Quilter’s and crafter’s sins I now realize I’m guilty of:

Not cutting across the width of the fabric (WOF).  Silly me, I thought it made sense that if you have half a yard of fabric and you need a strip that’s 8″ by 2″ you would cut parallel to the selvedge, leaving 40″ of fabric wide by 18″ long.

2010 was the year in which I had the light bulb moment and realized it just doesn’t work like that.   I needed WOF for trading at our Guild’s retreat, and I needed WOF in significant quantities to make pillowcases for the million pillowcase challenge.

Several times I pored through my entire stash only to realize what I had been doing all those years, it finally caught up to me!  This led to a change in my evil ways, a gargantuan stash busting project, and (surprise!) fabric shopping for half-metre and bigger cuts.  Although for 2011 one of my watchwords is use what you have.

Have also resolved to be more attentive to thread.  Valdani is my favourite, and I do use what I have!  Actually had to buy a second spool of Gem Symphony when Andrea Hamilton was quilting my Shattered Angles quilt.  I look on Valdani as chocolate minus the calories.

Cindy Scraba is another amazing Island lady.  Her knowledge of threads is astounding.  Trivia:  Egyptian cotton is in the process of being protected legally, just like champagne in France.   It is so superior and they need to protect it.

Cindy sells Superior thread and I’ve started tracking in the catalogue what I have in the different lines.  The catalogue is great because it tells you which thread to use in every situation.

At the Guild retreat, I won a sample set of Wonderfil threads.

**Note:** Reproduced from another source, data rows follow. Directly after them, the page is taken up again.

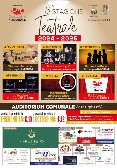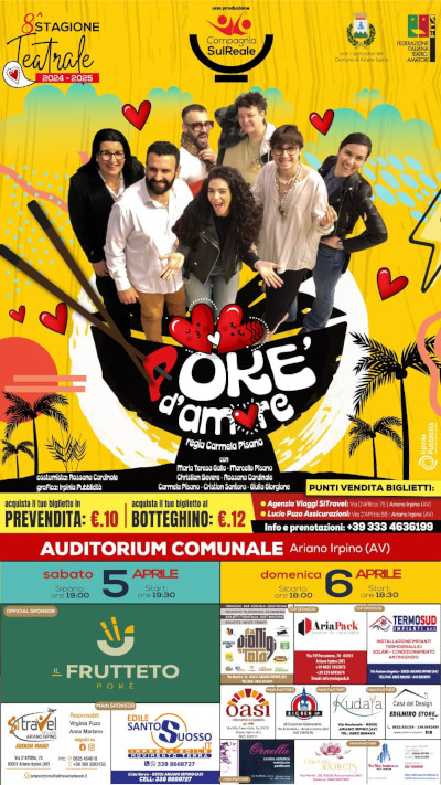 L'ottava stagione teatrale della Compagnia SulReale terminerà Domenica 6 Aprile con il sesto spettacolo in Cartellone. Ad Ariano Irpino spazio alla commedia brillante "Poke d'Amore" presso l'Auditorium Comunale "Lina Wertmüller". Doppio appuntamento nel week end: il primo Sabato 5 Aprile alle ore 19.30 e il secondo Domenica 6 Aprile alle ore 18.30.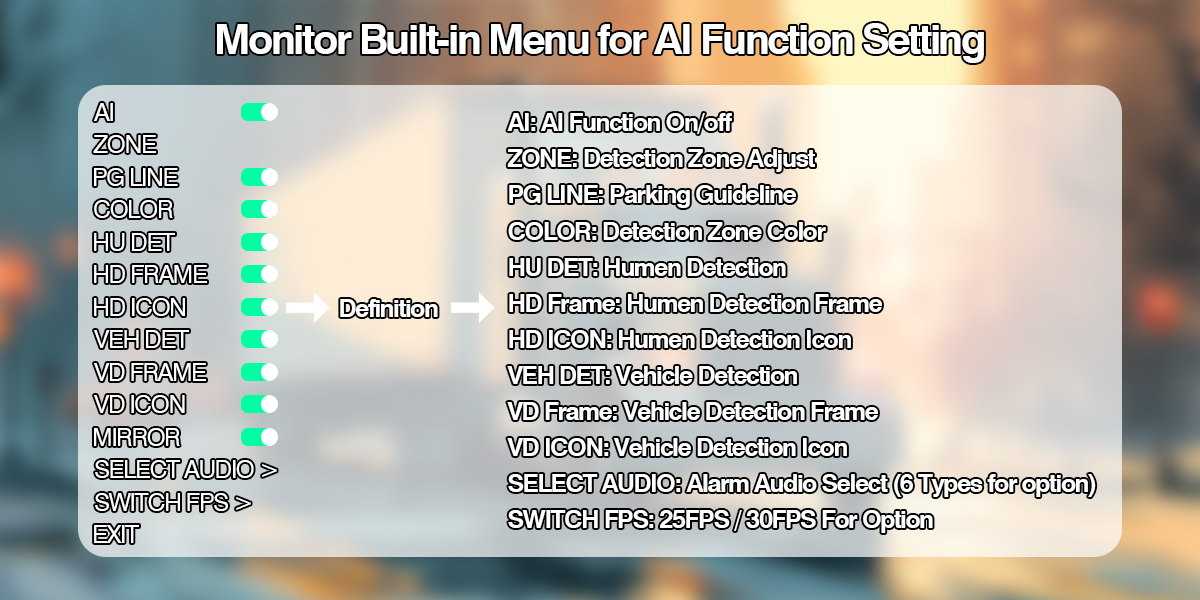 CarleaderTacaíonn Córas Monatóireachta Braite Spota Dall 7 Inch AI BSD le Calabrú AI, réiteach ceamara AI a thacaíonn le braite coisithe, braite feithicle, a mhéadaíonn go mór an tsábháilteacht agus tú ag tiomáint, monatóireacht a dhéanamh le roghchlár calabraithe AI ionsuite, ligean don úsáideoir an limistéar braite a choigeartú, dath an chrios braite a thaispeáint ar / as, cineál fuaime aláraim, taispeáint deilbhín feithicle agus coisithe, roghnú réad braite, etc.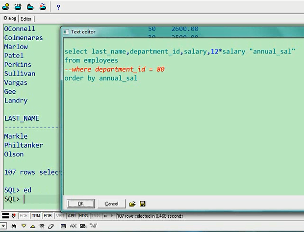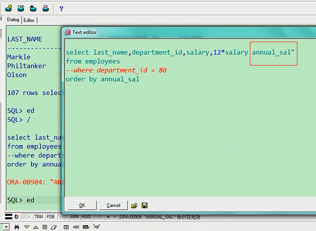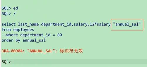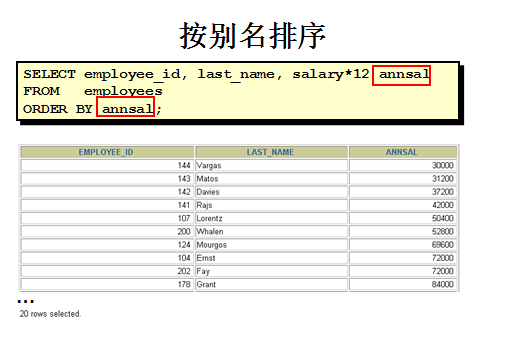 这个你一说你就明白了,我现在输出了员工的salary,我还把他一年的工资输出一下,12*salary,然后给他取个别名,我们别名用双引号,也可以省略,annual_salselect last_name,department_id,salary,12*salary "annual_sal" from employees order by annual_salorder by就按我们刚才的annual_sal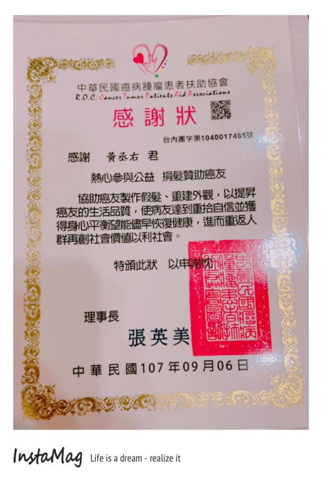 2018年11月14日為了有需要的人,一名黃姓小男孩從6歲開始就蓄長髮。媽媽在兒子獲得感謝狀後,特別在《爆廢公社》上傳照片,也分享了小男孩在蓄長髮期間面對到的狀況。雖然不容易,但是他都忍到了最後,這也讓張媽媽非常安慰,喊話「為你感到驕傲!」!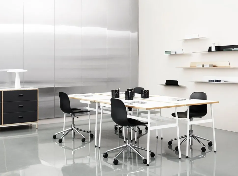 Das drehbare Gestell aus Aluminium in Schwarz, Weiß oder poliert verleiht dem Form-Stuhl ein exklusives Aussehen und eine komfortable Bewegungsfreiheit. Dies macht den Stuhl zur ersten Wahl u.a. für Restaurants und Konferenzräume. Der Drehrahmen ist mit 4 oder 5 Beinen erhältlich, die ohne bzw. mit Rädern geliefert werden.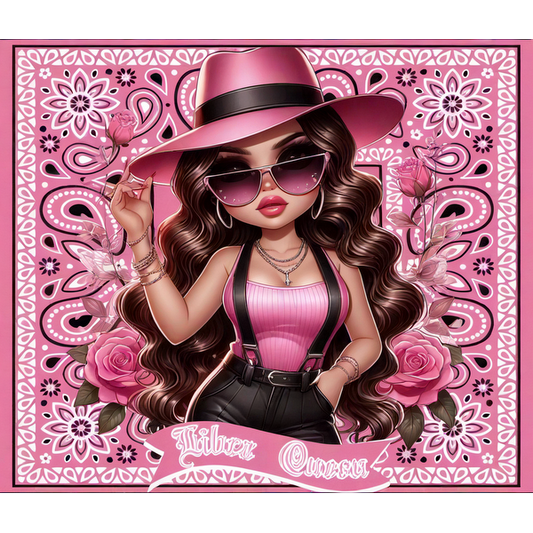 Regular price From £0.75 GBPRegular priceUnit price / per£2.39 GBPSale price From £0.75 GBPA stylish character with long hair, wearing a pink hat and sunglasses, poses confidently against a vibrant floral backdrop. dtf prints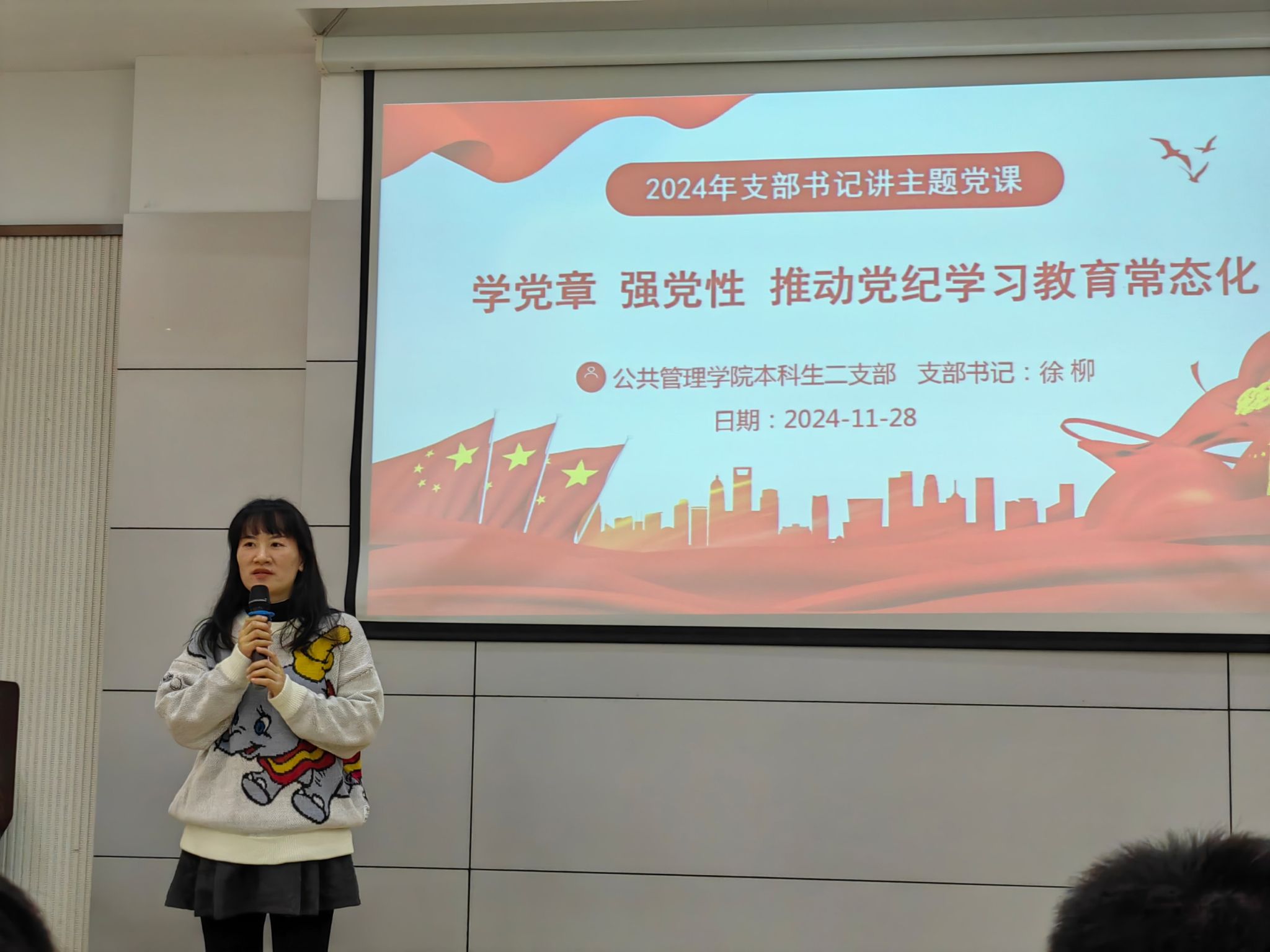 本科生二支部书记徐柳、五支部书记陈致远于2024年11月28日中午在学院102教室为两个支部全体党员讲授了“学党章 强党性 推动党纪学习教育常态化”的主题党课。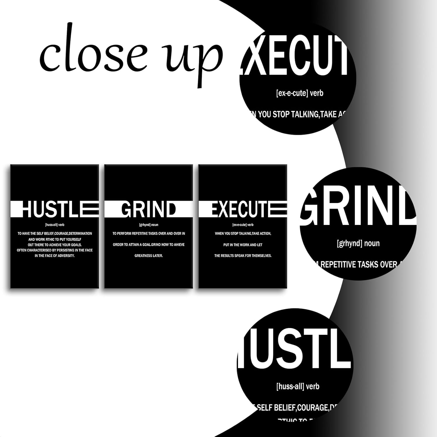 Hustle Grind Execute Entrepreneur Quotes Poster Print Motivational Pictures Painting Inspirational Canvas Wall Art for Office Bedroom Living Room School Wall Decor Ready to Hang [60''Wx28''H]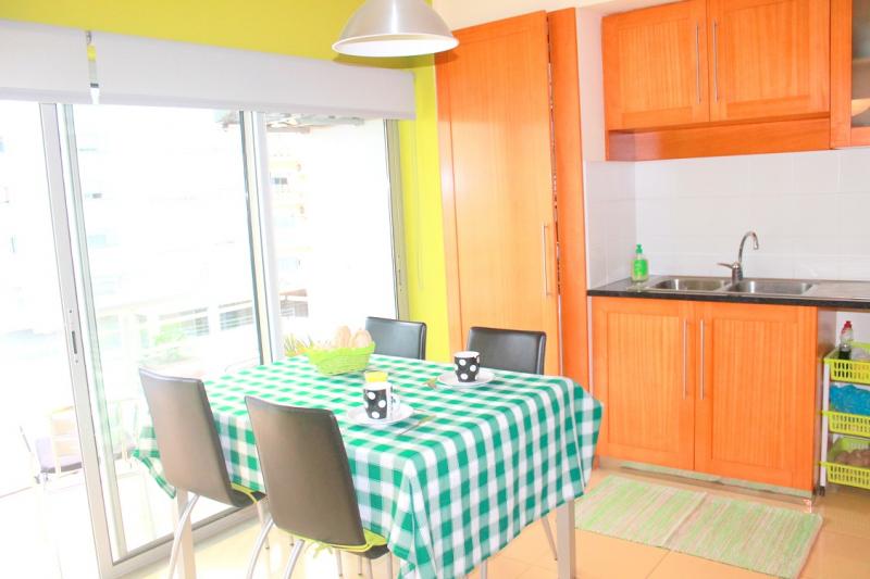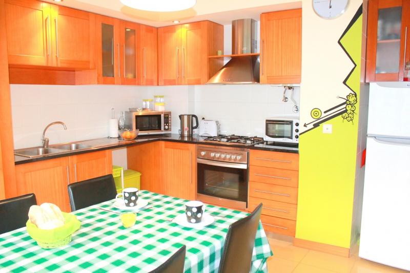 Urban Oceanus RNAL: Localidade Ilha de São Miguel > Ponta Delgada > Ponta Delgada (São Pedro) Zona: São Gonçalo Capacidade: 4 Pessoas Área bruta: 130 m2 Área útil: m2 Descrição: Este apartamento está localizado na zona nobre da cidade de Ponta Delgada, aproximadamente 8 minutos de carro do aeroporto (6,7 km). Situa-se nos arredores do centro histórico da cidade, da avenida atlântica e da marina de Ponta Delgada. À entrada do prédio encontra-se uma caixa ATM, um mini-mercado e outros espaços comercias como padarias e cafés. O apartamento é T1 +1 espaçoso e solarengo. Possui ar condicionado, aquecimento central e Wi-Fi. A sala-de-estar está equipada com uma grande TV, home cinema, TV por cabo com mais de 100 canais e um sofá muito confortável. Numa área anexa à sala-de estar, encontra-se um beliche para duas pessoas havendo também a possibilidade de montar uma cama de casal insuflável. O prédio tem lugar de garagem disponível. |

And I still have threads from my grandmother’s store that go back to the forties — on wooden spools with names for the colours.  They live in a case designed and built by my grandfather.  I use them for basting and minor embellishments.  After all this time I don’t trust them for anything that has to stay together.  But back then thread colours had names, not numbers, like Apple Green, Mauve, Primrose.